| Task description |
Extract the opening line of the entries and every line after it, stopping at and including the line that contains "La forma que". Do not include pictures.

| Data extract |

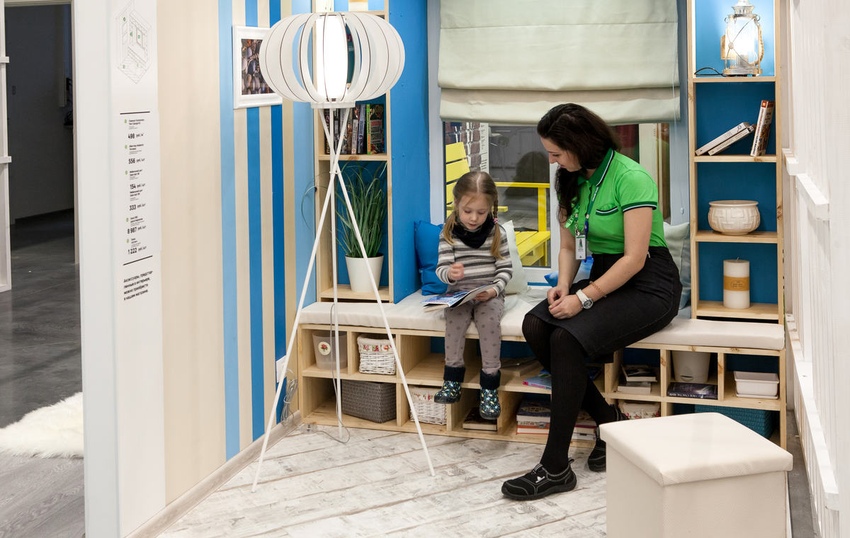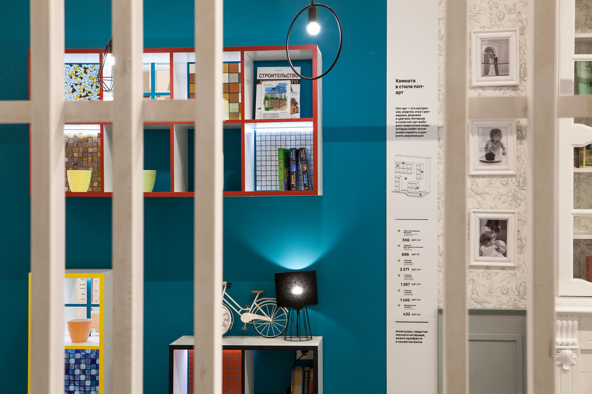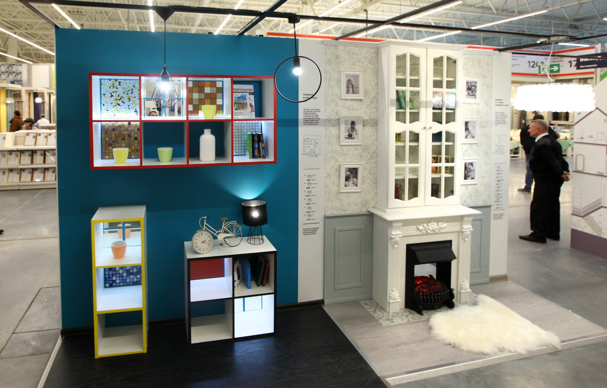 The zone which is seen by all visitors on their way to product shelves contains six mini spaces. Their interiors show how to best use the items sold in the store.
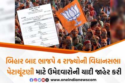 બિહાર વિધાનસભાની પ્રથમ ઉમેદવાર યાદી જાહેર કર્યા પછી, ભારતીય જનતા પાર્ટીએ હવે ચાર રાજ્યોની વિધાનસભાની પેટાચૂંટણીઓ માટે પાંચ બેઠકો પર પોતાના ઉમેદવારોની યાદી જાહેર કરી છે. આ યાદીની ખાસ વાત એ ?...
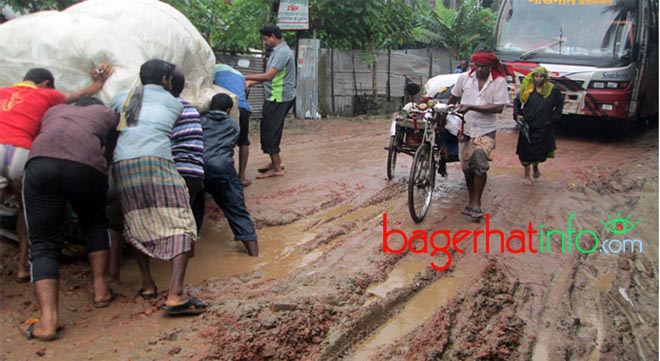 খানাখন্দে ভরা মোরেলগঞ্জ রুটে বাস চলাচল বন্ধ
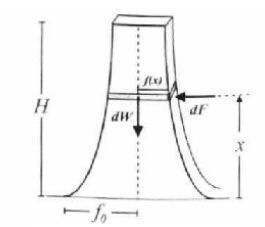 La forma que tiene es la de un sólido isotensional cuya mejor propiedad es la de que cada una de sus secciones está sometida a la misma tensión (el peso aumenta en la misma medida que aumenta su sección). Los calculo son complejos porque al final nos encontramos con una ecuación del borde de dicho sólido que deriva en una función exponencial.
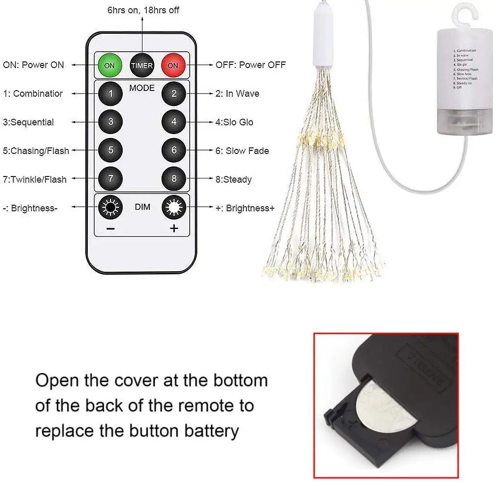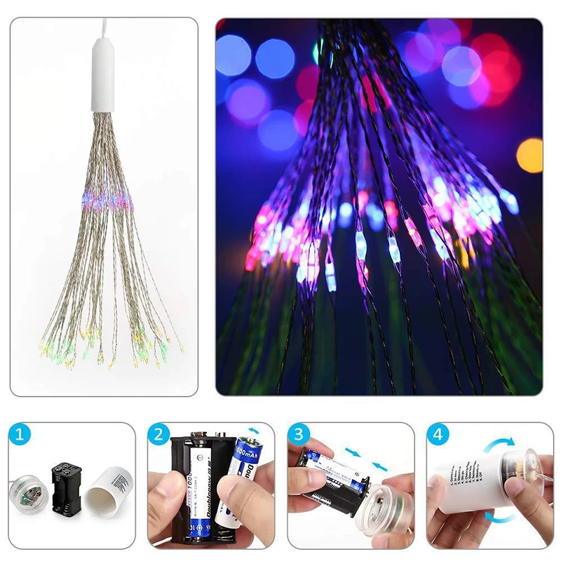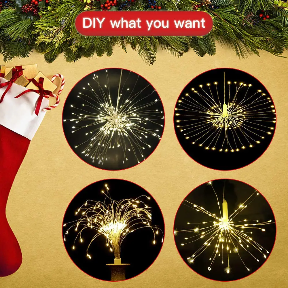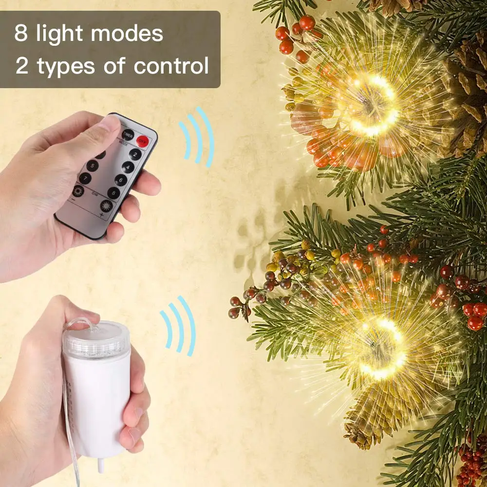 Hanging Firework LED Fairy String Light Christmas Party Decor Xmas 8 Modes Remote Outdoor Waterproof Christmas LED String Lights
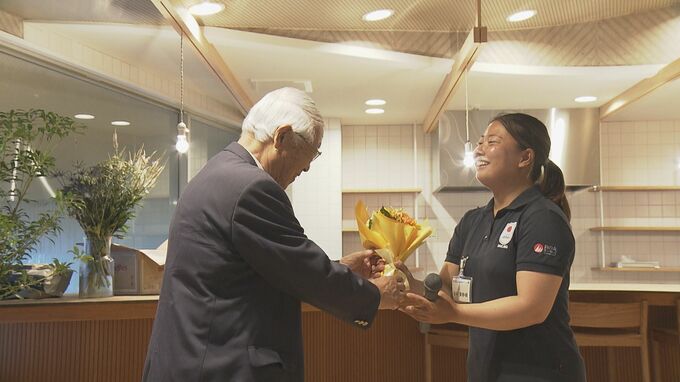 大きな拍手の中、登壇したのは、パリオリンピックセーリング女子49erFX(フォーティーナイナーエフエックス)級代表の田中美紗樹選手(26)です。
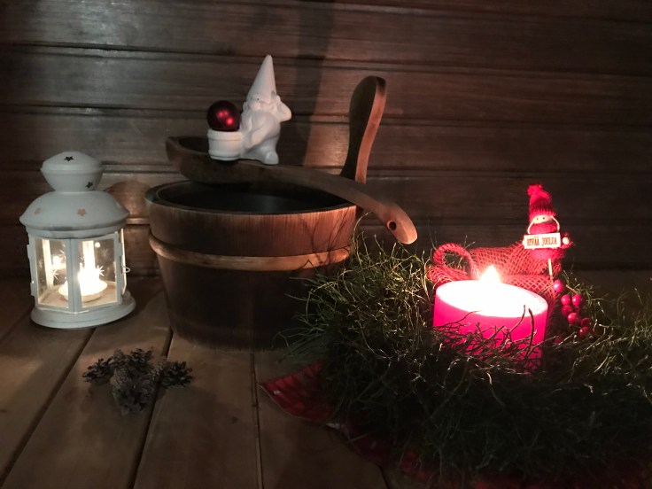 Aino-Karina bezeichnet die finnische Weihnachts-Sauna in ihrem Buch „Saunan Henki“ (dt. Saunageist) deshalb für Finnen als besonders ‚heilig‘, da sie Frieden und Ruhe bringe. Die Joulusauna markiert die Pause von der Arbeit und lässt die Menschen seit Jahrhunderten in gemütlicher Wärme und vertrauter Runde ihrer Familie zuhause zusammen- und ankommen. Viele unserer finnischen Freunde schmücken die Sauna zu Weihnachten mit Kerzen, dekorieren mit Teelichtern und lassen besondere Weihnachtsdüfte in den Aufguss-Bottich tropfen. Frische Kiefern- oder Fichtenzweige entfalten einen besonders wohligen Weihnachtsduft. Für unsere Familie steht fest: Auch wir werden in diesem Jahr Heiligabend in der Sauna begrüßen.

| Result |
 The zone which is seen by all visitors on their way to product shelves contains six mini spaces. Their interiors show how to best use the items sold in the store.
 બિહાર વિધાનસભાની પ્રથમ ઉમેદવાર યાદી જાહેર કર્યા પછી, ભારતીય જનતા પાર્ટીએ હવે ચાર રાજ્યોની વિધાનસભાની પેટાચૂંટણીઓ માટે પાંચ બેઠકો પર પોતાના ઉમેદવારોની યાદી જાહેર કરી છે. આ યાદીની ખાસ વાત એ ?...
 খানাখন্দে ভরা মোরেলগঞ্জ রুটে বাস চলাচল বন্ধ
 La forma que tiene es la de un sólido isotensional cuya mejor propiedad es la de que cada una de sus secciones está sometida a la misma tensión (el peso aumenta en la misma medida que aumenta su sección). Los calculo son complejos porque al final nos encontramos con una ecuación del borde de dicho sólido que deriva en una función exponencial.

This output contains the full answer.